The whole listing, except its pictures, is to be repeated exactly.

◆ **Source data**
=== Section Start ===

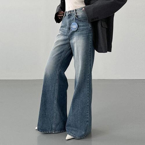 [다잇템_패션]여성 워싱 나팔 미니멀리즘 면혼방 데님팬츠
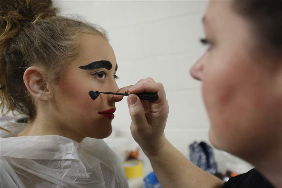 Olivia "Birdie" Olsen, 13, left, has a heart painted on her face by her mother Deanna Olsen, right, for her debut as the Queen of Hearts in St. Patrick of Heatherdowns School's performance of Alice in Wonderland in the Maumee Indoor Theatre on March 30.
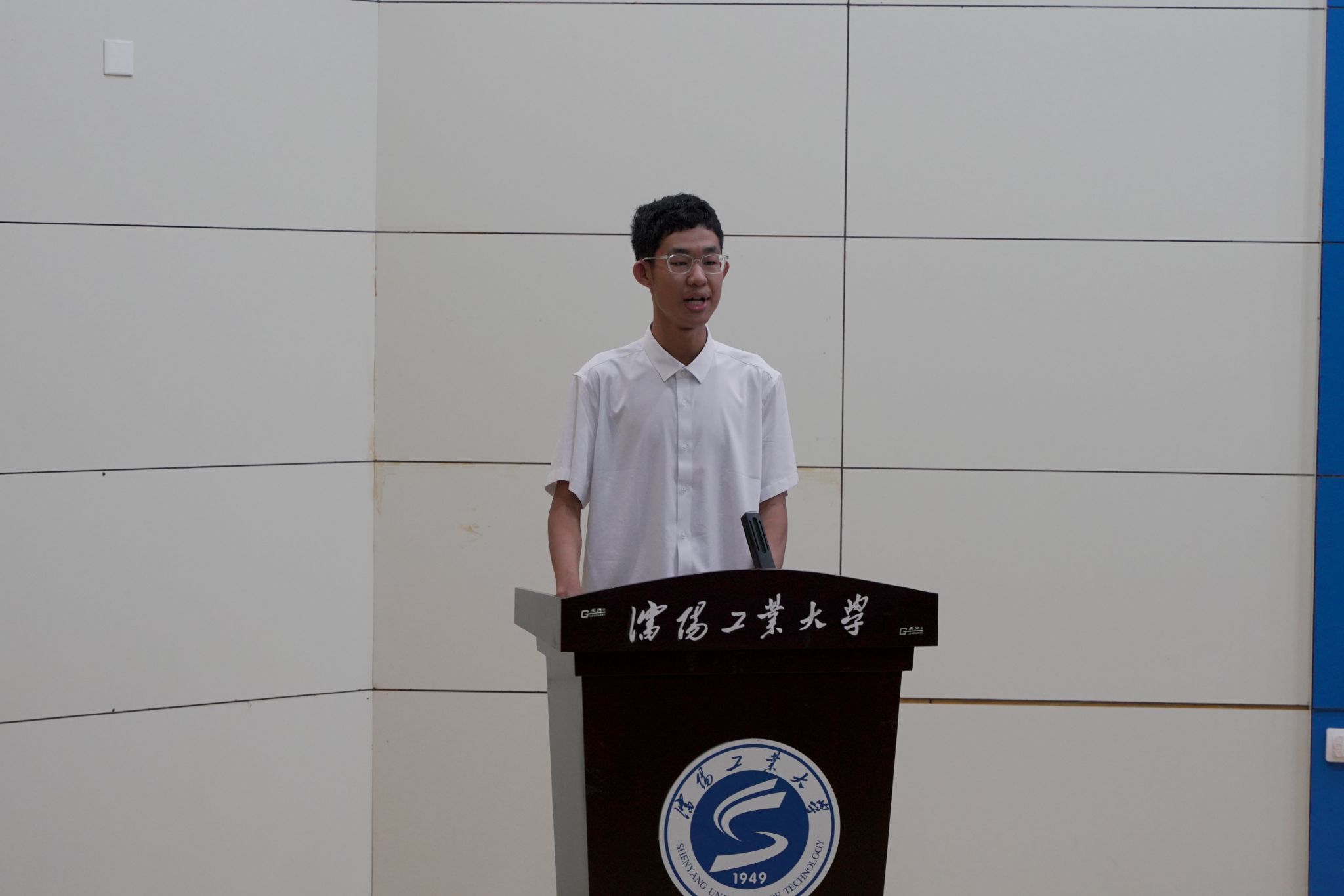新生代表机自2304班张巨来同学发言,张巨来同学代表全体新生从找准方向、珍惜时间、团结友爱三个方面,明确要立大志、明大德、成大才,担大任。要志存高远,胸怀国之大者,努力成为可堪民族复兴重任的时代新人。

=== Section End ===

◆ **Answer to this task**
 [다잇템_패션]여성 워싱 나팔 미니멀리즘 면혼방 데님팬츠
 Olivia "Birdie" Olsen, 13, left, has a heart painted on her face by her mother Deanna Olsen, right, for her debut as the Queen of Hearts in St. Patrick of Heatherdowns School's performance of Alice in Wonderland in the Maumee Indoor Theatre on March 30.
新生代表机自2304班张巨来同学发言,张巨来同学代表全体新生从找准方向、珍惜时间、团结友爱三个方面,明确要立大志、明大德、成大才,担大任。要志存高远,胸怀国之大者,努力成为可堪民族复兴重任的时代新人。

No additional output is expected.